While writing this it has turned dark already. The stars are popping up. The mountains have turned black and small now the focus is on the sky. The dog that came with us all the way from Pi is still trying to convince me I have to throw away his stick. I thought he belonged to one of the new people who joined the group today but he didn't. He just chose to walk with us for 16 kilometers and is unstoppable. I figured we weren't the first group he chose to become friends with and the enthusiastic welcome by the man who is running the refugio confirmed it. The dog is a regular visitor and probably knows the route back and forth better then anybody else. I was welcomed just as warm, with pink comfortable slippers, a cold beer and a big smile.

I laughed when he asked me if I wanted a cold beer. I had already drunk that beer when I walked today's walking day virtually in May but then it came in a glass, now it came in a can. And it tasted so much better today than it did then. You can imagine how it feels when you sit down after a long walk up the mountain and take the first sip from your beer but you can't taste it if the beer only exists in your imagination.

We lost some people today. Franco had to go see a doctor in Barcelona because his ankle hurted too much after three days of walking. Imma needed a few days of rest before coming back. I am not surprised. This first part of the 18 day tour is the hardest part and only on day 9 we will get an easy day with a 7 km walk. No resting days.
Other people join. We are 12 today (plus a dog of course), after a start with 14 and a short walk with 17 people.
To makes things easier this morning we skipped the first couple of kilometers from Bellver to Pi, being driven there with the car after coffee and croissants, yoghurt and peaches and big slices of ham at the breakfast buffet in the hotel where we slept in a soft bed after having used the turbo shower. I am being treated well and I enjoy it a lot, although I can get just as much but a different kind of pleasure out of sleeping at the edge of a forest in my sleeping bag after having eaten a cold tin of chickpeas and waking up with the sunrise.
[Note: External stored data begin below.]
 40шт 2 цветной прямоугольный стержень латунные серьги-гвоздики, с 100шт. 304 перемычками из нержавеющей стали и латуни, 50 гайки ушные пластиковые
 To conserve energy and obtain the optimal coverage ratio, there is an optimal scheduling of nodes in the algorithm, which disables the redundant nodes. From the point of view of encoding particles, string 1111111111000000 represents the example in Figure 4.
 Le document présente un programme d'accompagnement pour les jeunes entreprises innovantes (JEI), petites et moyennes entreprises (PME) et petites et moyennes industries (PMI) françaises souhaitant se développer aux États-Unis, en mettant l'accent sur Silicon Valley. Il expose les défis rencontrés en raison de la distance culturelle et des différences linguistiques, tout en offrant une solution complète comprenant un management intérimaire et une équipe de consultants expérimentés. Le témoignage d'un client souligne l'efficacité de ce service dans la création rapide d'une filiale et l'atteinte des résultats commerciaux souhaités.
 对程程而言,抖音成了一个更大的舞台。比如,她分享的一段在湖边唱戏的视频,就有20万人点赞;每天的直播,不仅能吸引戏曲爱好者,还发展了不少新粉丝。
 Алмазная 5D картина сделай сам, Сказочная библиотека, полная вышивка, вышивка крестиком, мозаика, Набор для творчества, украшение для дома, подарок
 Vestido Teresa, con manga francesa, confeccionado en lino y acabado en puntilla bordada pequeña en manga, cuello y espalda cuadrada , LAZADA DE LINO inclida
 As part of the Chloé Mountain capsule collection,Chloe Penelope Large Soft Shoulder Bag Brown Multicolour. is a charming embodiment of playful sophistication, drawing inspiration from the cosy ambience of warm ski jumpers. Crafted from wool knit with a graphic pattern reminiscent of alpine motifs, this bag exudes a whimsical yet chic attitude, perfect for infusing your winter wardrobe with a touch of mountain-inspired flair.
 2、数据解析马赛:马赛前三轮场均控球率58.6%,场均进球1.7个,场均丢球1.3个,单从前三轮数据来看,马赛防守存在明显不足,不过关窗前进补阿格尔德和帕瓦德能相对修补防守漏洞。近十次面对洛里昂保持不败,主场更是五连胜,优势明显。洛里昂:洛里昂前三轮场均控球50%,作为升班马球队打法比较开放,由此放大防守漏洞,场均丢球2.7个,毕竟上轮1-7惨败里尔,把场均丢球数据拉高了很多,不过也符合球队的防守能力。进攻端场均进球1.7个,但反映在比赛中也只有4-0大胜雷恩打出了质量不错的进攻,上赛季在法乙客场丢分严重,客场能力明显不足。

Two of my trees went missing. The people carrying them went home yesterday and left them with the bags in the transport car. I didn't know. I hope they won't be crushed. The two we carried today are sort of ok, but the twin tree seems to have focused its energy on only one of the two trees that grew out of the acorn. My fellow tree-carrier, who is carrying it in the small backpack, originally on his back but since day 2 on his chest, "like a baby" as he said, was worried. He wants it to do well and it touches me to see how he cares. They got some new soil today and fresh mountain water.

Water comes out of the rocks everywhere. Cold spring water, a weary walker's wet dream. Sometimes there is a tube sticking out of a stone wall, sometimes it is caught in a basin, sometimes it just flows down from the rocks. And sometimes there is a stream with big boulders and small pools and we can fill our water bottles first and then float around for a bit. How nice it would have been to take little samples of all the water we passed, stuck our feet in, ate our food next to, dipped our tired bodies in. A water walk. Although I wouldn't be surprised if I'm not the first one thinking this.

After the villages of Pi and Nas there is only forest and narrow paths. I leave the group behind when the speed gets to slow for my itchy feet. Big pine trees block some parts of the trail, the sun is burning. But when I arrive it is only the middle of the afternoon and all I do until dinner at 7.30 is nothing in the best way possible. There is music after dinner, a young singer-songwriter. I can't sit inside while the mountains change colour though. And there is work to do. There is this to write. And maybe this is just as unreal as the story I wrote after having imagined to make this walk.

All the lights are switched off now. The dog is resting next to the door. Upstairs my fellow walkers are asleep in the giant 15 person bunkbed. If the cows wouldn't still be walking around there would be complete silence. A cowbell soundtrack for the nightsky spectacle. New moon, too dark for a little midnight strole but my eyes wander from star to star. And if this would be a perfect day there would be a shooting star to finish things off. So there it is.